* RECORDS SUPPLIED

_ _ _ _ _

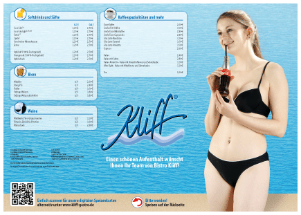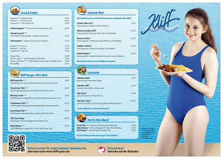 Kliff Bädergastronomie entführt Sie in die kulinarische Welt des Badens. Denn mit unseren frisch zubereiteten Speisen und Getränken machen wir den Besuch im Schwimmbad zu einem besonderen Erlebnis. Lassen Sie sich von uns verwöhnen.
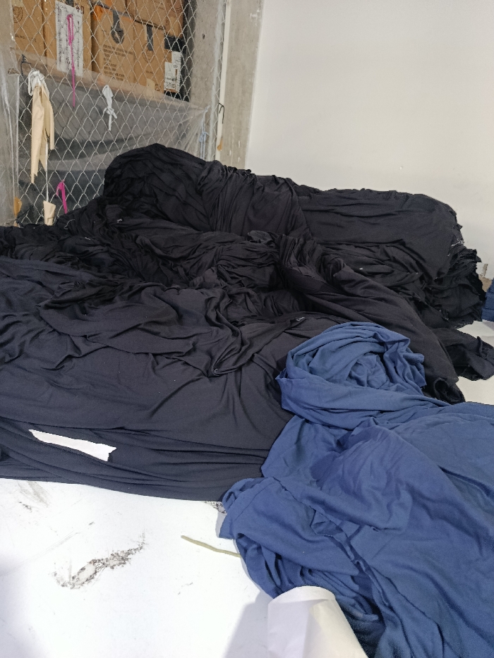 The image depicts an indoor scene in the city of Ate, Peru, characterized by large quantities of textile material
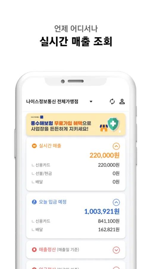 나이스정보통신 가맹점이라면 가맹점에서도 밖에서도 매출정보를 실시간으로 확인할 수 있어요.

_ _ _ _ _

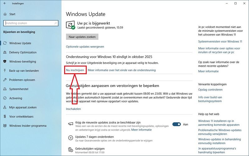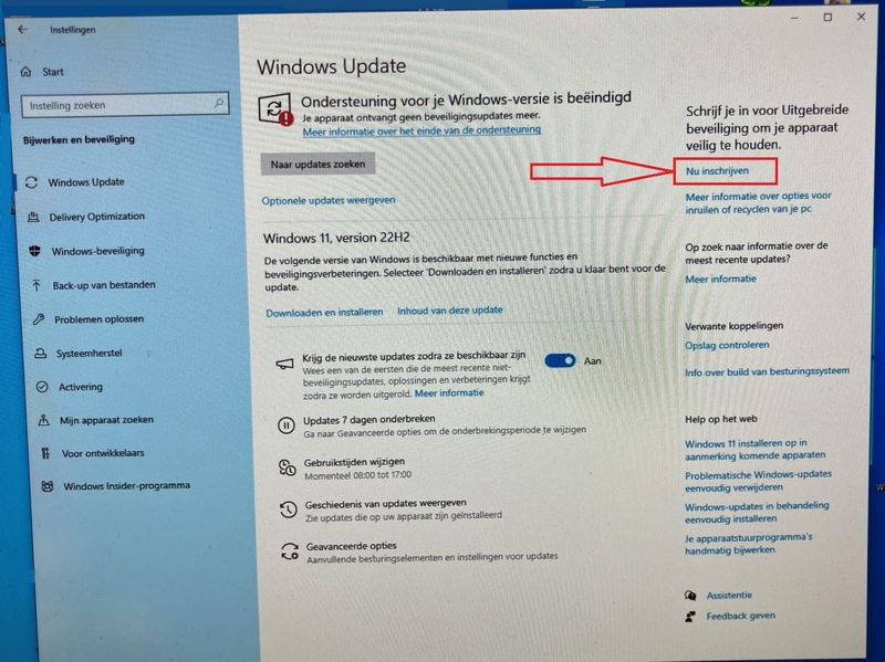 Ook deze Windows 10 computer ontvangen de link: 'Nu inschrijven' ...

_ _ _ _ _

* WHAT YOU WILL DO
Every line above from the one with "Kliff Bädergastronomie entführt" down to the one with "나이스정보통신 가맹점이라면 가맹점에서도" must be written out exactly, and no picture may appear.

* TASK SOLUTION
 Kliff Bädergastronomie entführt Sie in die kulinarische Welt des Badens. Denn mit unseren frisch zubereiteten Speisen und Getränken machen wir den Besuch im Schwimmbad zu einem besonderen Erlebnis. Lassen Sie sich von uns verwöhnen.
 The image depicts an indoor scene in the city of Ate, Peru, characterized by large quantities of textile material
 나이스정보통신 가맹점이라면 가맹점에서도 밖에서도 매출정보를 실시간으로 확인할 수 있어요.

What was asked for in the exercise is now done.